Case study: A Denton concrete subcontractor reduced average days sales outstanding from sixty‑two to forty‑eight after installing automatic reminders three days before due dates and sending a notice of intent to lien at forty‑five days.

Putting It All Together

Every mistake listed above drains cash but also carries a hidden cost. Poor records break trust with banks, bonding companies, and potential buyers if you ever decide to sell. Cleaning up one area often improves the others. For example, job costing produces accurate WIP schedules, which improve bond capacity, which in turn allows larger contracts that demand split bank accounts and better billing procedures. In other words, bookkeeping discipline builds a flywheel that spins faster over time.
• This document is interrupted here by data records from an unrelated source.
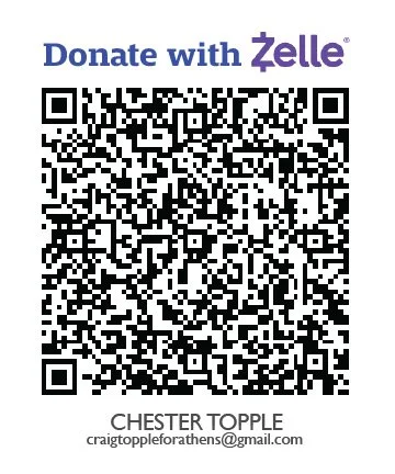 Contributions can also be sent via Zelle to: craigtoppleforathens@gmail.com
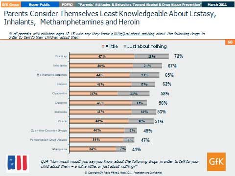 The study also found New Jersey parents lack knowledge on ecstasy, inhalants, methamphetamines and heroin, however, the more frequent the exposure to drug prevention public service announcements (PSAs) the more aware they became about the risks of using drugs and alcohol and the more encouraged they became to speak with their children about the risks of using and abusing drugs. Seven in ten (69%) parents say they see or hear public service announcements telling them about the risks of drugs or alcohol at least one time per week.
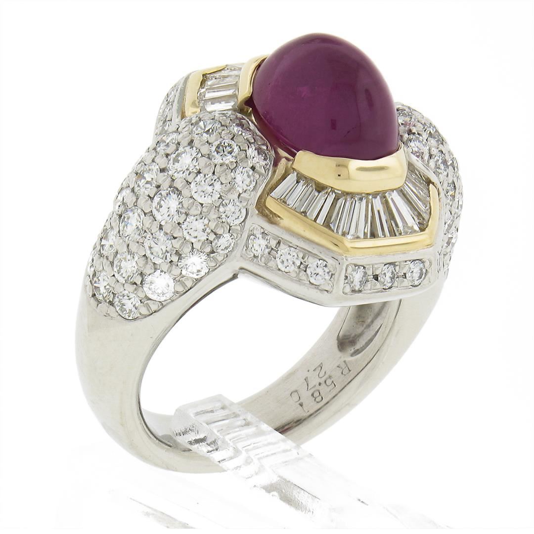 A solid 18k yellow gold & platinum cocktail ring, with 1 GIA graded oval cabochon cut natural ruby (5.81ct), and numerous of baguette & round cut natural diamonds (F-H - VS1/VS2 ; 2.70ctw). The ring is size 7.0, weighs a total of 22.14 grams, and measures 20.8mm wide. Comes with all original relevant certifications.
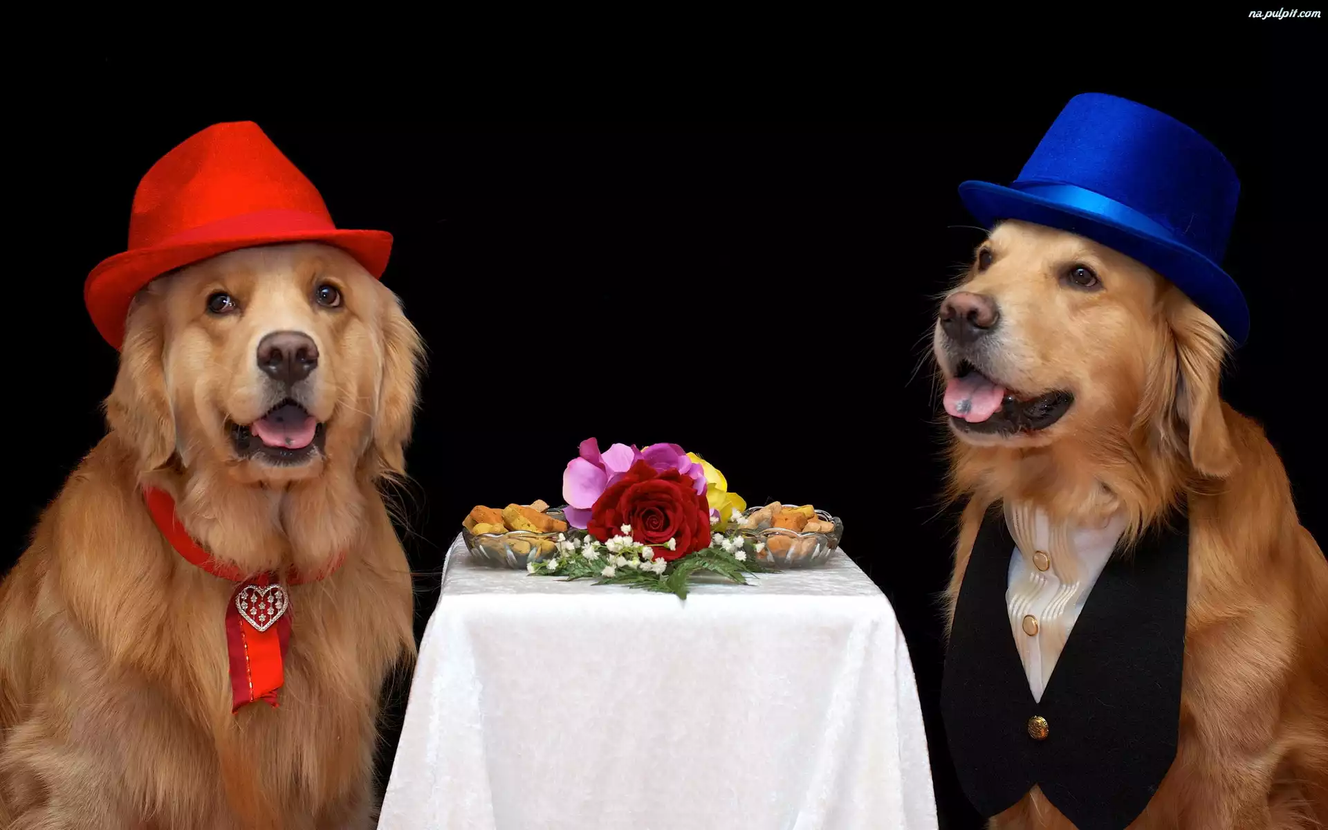 Kapelusze, Psy, Dwa, Golden retriever Na Pulpit
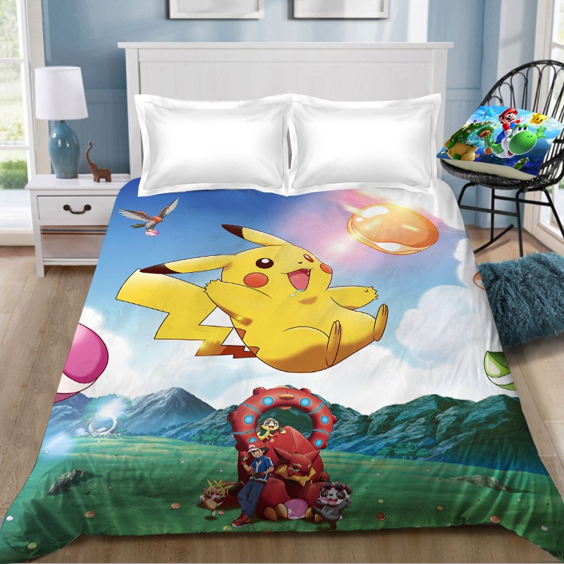 Sacha capte les Pokémons sauvages et les entraine à combattre les Pokémons des autres dresseurs. Cette parure de lit Sacha avec ses pokémons donnera du caractère et du cachet à votre chambre.
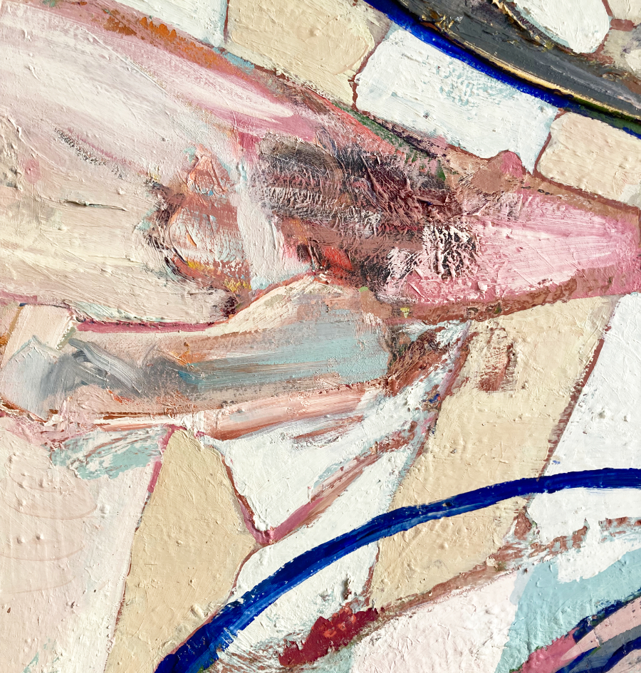 „Zu Tisch N° 6″ entstand 2006 als Teil eines Diptychons mit „Zu Tisch N° 7″. 2010 zunächst als Einheit geplant, wurden die Werke später getrennt. N° 6 wurde in das Programm „25 Colours Stockholm“ integriert, während N° 7 (ebenfalls übermalt) im Archiv bei den Jagdbildern blieb. Tina Oelker vollendete das Bild 2020 und behielt den Originaltitel – eine Verbindung zwischen den verschiedenen Schaffensphasen.
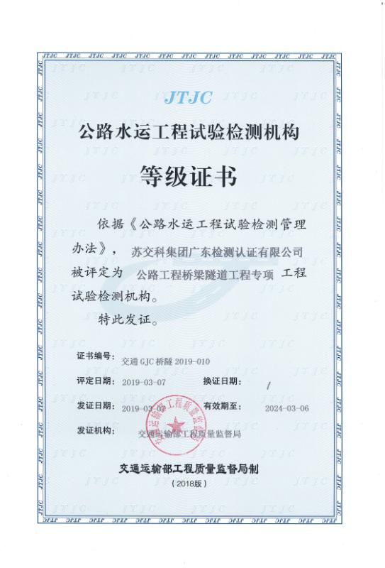 3月7日,经交通运输部工程质量监督局批准,集团全资子公司bevictor伟德集团广东检测认证有限公司获得桥隧专项资质证书,为更好的服务广东交通奠定了坚实的基础。

Start with the low‑hanging fruit

  1. Open dedicated bank and credit accounts if they are not in place already.
  2. Build a basic construction chart of accounts, then code this week’s bills properly.
  3. Schedule a WIP meeting on the first business day of next month. Even a spreadsheet beats guessing.
  4. Create a digital folder for sales tax certificates and require crews to upload signed copies before work starts.
  5. Turn on automatic invoice reminders and review the aging report every Friday until it looks clean.

These five steps cost little more than time. Within a quarter, the books will offer insight instead of confusion. Owners who know their true costs, cash position, and tax exposure make better bids and sleep better at night.